Chuck Bartlett
Chuck Bartlett is a senior majoring in journalism. He is a Collegian columnist. His e-mail address is cjb215@psu.edu.
  The Digital Collegian - Published independently by students at Penn State
OPINIONS
[ Wednesday, July 10, 2002 ]

My Opinion
Soon-to-be-graduating senior gives advice

Freshman. I hate you with the fury of one thousand raging hell fires. Why? Because you make me feel old. But rather than chastise you (you have enough to worry about already) I shall impart some practical pearls of wisdom I've garnered during my four years at University Park.

I was once a skinny punk with blond streaks in my hair walking about this immense institution of higher education with no clue as to what the heck was going on. Three weeks from graduation I see myself as a wise old sage seeking to educate you before your professors have a chance to.

First of all, don't stress. You are going to be bombarded with papers, exams and reading assignments that have the potential to render your social life a non-existent facet of your days. For example, one Wednesday you might have a speech, a paper and an Italian exam.

All you have to do to avoid going postal is study your Italian and do the speech and paper on something you are interested in. When I was a freshman, I did a paper on the legalization of marijuana for English 15, a speech on how to yo-yo for Speech Communications 100, and still got a B on my Italian exam. The beautiful thing about college is you can write or speak about absolutely anything as long as you have some idea what you are talking about. You can even fake it and still come off sounding intelligent.

You can give a speech on the South American cousin to the llama (the alpaca) or write a paper on how darts is the only sport where drinking improves your aim (it's true -- I've conducted several experiments) as long as you kind of know what you're talking about.

Secondly, every single professor you have will automatically assume that they are your only professors and that their classes are your only ones. It's as if all the professors meet in a secret society and schedule every major grade-determining assignment at the same time. It's downright treachery.

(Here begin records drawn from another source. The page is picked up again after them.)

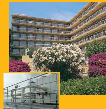
T. Hotel VOLGA *** (Calella) Climatització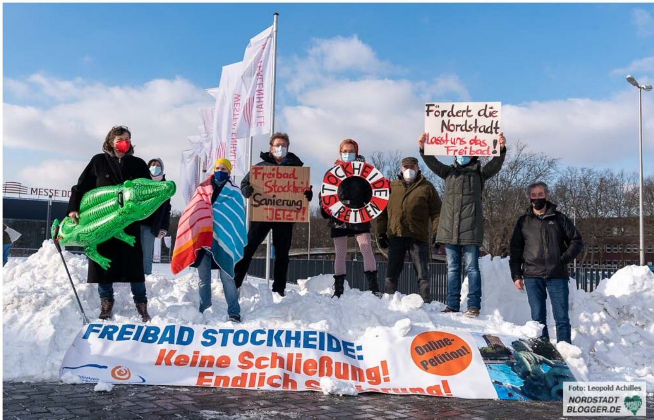
Freunde des Freibads Stockheide warben vergeblicher eine kurzfristige Sanierung des Bades.

Enttäuschung beim Freundeskreis Stockheide und den Stammgästen des Freibads Stockheide: Sie müssen sich in diesem Sommer – wenn nicht sogar für immer – ein anderes Bad zum Schwimmen und Entspannen aussuchen. In diesem Jahr wird das traditionsreiche Bad nicht repariert und kann dadurch nicht öffnen. Das entschied am Donnerstag die Mehrheit der Mitglieder im Rat. Die Politiker*innen insbesondere von CDU und SPD lehnten es zudem ab, eine Grundsatzentscheidung zum Erhalt des einzigen Freibads in der Nordstadt zu treffen – sie wollen (wir fraktionsübergreifend vereinbart) das im Rahmen der Erstellung des Masterplans Sport beauftragte Bädergutachten abwarten.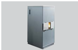
Pelletofen ivo.safe® water+ Nenn-Wärmeleistung: 8, 9 oder 13 kW

Der Brennraum eines raumluftunabhängigen Pelletofens mit DIBt-Zulassung ist absolut luftdicht. Der benötigte Sauerstoff wird bei einem raumluftunabhängigen Pelletofen nicht aus dem Aufstellraum, sondern über eine nach außen angeschlossene Verbrennungsluftzuführung beziehungsweise über einen Abgas-Luft-Schornstein der Verbrennung zugeführt. Ein raumluftunabhängiger Pelletofen mit DIBt-Zulassung ist daher ideal für den Einbau in sehr dichten Gebäuden wie Niedrigenergie- oder Passivhäuser in Kombination mit einer kontrollierten Wohnraumlüftung/ Lüftungsanlage geeignet.

This will give you an opportunity to hone your skill of reading people, a skill that each and every one of you has a chance to develop. By the third week of class you should have determined what type of work and effort your professors expect. From personal experience, this gives you a B- -- at least.

Third, I consider what I'm about to tell you now a personal favor and I expect something in return. These are some of the "best" classes to take. For some quick GQ's (general quantification credits if you don't know) take Math 35, the history of math, or as I like to call it "math with no numbers."

There is no more beautiful thing, no more exquisite privilege, no more life-saving grade altering GPA boosting phenomena than "the curve." I hope you experience its captivating powers one day. For some science credits, take STS 150, or "Out of the Fiery Furnace." When I took it, it met two days a week and Thursday was "movie day." I don't want to tell you anymore because the university might come down on these classes and make them harder. And I don't want to be the jerk who ruins it.

The bottom line is this: You are about to spend four years in a place with thousands of people are into the same things you are.

Pass your classes.

Get your degree.

Enjoy your four-year window of no responsibilities.

If you don't understand me now, wait until you're three weeks from graduation and read this again.